Like Linear Discriminant Analysis is linear and ANN and SVM are nonlinear. What are the parameters/factors on which it is being decided that whether the technique is linear or nonlinear in nature.
At the most fundamental point, linear methods can only solve problems that are linearly separable (usually via a hyperplane). If you can solve it with a linear method, you're usually better off. However, if linear isn't working for your particular problem, the next step is to use a nonlinear method, which typically involves applying some type of transformation to your input dataset. After the transformation, many techniques then try to use a linear method for separation.
Some potentially interesting reading: http://www.simafore.com/blog/bid/113227/How-support-vector-machines-use-kernel-functions-to-classify-data
Also, one of the cornerstone books of Statistical Learning (another phrase for Machine Learning) is available for free: http://www-bcf.usc.edu/~gareth/ISL/
The more advanced text is also available for free: http://statweb.stanford.edu/~tibs/ElemStatLearn/
It is based on your dataset. If the dataset has high variance,you need to reduce the number of features and add more dataset. After that use non-linear method for classification.
If the dataset with low variance ,use linear model.
In OPENCV SVM have the auto train method,it will detect the classification technique and parameters automatically.
A mehtod is linear (very basically) if your classification threshold is linear (a line, a plane or a hyperplane). Otherwise, it is non linear. Obviously, linear methods involve only linear combinations of data, leading to easier implementations, etc.
In principle, both ANN and SVM are non linear because they use, in general, non linear functions of the data (the activation function in ANN or the kernel in SVM are typically non linear functions). However, in both cases you could use linear functions in the problem is linearly separable.
In most useful cases, a non linear techniques is required, but a linear one is desired... You might use a suboptimal classifier (linear) if the error might be assumed in opposition to the complexity of a non linear implementation.
Simply, transforming data feature to stable space. Technically, non-linear methods transform data to a new representational space (based on the kernel function) and then apply classification techniques. Most of the time, this transformation describes the data features in a more clear structure in comparison with the original space, which the classification algorithms can create more accurate predictor in the new space. So, if classification techniques reform (transform to new space) data features before applying classifier, most of the time, we call them non-linear methods.
Linear means the output y is the linear combination of feature x. So, LDA is linear, Support vector Machine using linear kernel is also linear, the NN that use linear combination is also linear.
We use Linear and non-Linear classifier under following conditions:
1. If accuracy is more important to you than the training time then use Non-linear else use Linear classifier. This is because linear classifier uses linear kernels and are faster than non-linear kernels used in the non-linear classifier.
2. Linear classifier (SVM) is used when number of features are very high, e.g., document classification. This is because Linear SVM gives almost similar accuracy as non linear SVM but Linear SVM is very very fast in such cases.
3. Use non-linear classifier when data is not linearly separable. Under such conditions, linear classifiers give very poor results (accuracy) and non-linear gives better results. This is because non-linear Kernels map (transform) the input data (Input Space) to higher dimensional space( called Feature Space) where a linear hyperplane can be easily found.
Hi let me try to explain with small example using regression. Lets you are fitting a model y = a + bx it is a linear model , where as if you fit a model y = a + bx + cx2 . Where the non linear model will give a better fit , but you will loose on interpret-ability.
I am learning Data Science/ machine learning. I would appreciate if anyone give intuition as in which algorithm (SVM, Logistic regression, Decision Tree, KNN) should be used basis type of data.
If we have a multiclass classification problem where there is huge class imbalance then what should be the approach.

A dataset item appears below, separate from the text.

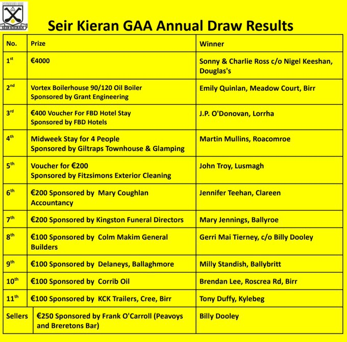 Seir Kieran GAA Annual Draw Results.Massive thanks to everyone who help make our draw a success every year. The video of our annual draw is available to view on our Facebook page.

Check my nine abstracts of "New Theory of Discriminant Analysis afterR.Fisher" on RG.I compare eight LDFs including SVMs by several datasets including microarray datasets. Eight LDFS can validate several data. But ANN and kernel SVM cannot validate several datasets. So, two types results are completely different. Later results by ANN and kernel-SVM are less reliable than former.
In machine learning, models such as y = a + bx + cx^2 are still considered as linear models because y has a linear relationship with the model parameters (a, b, c).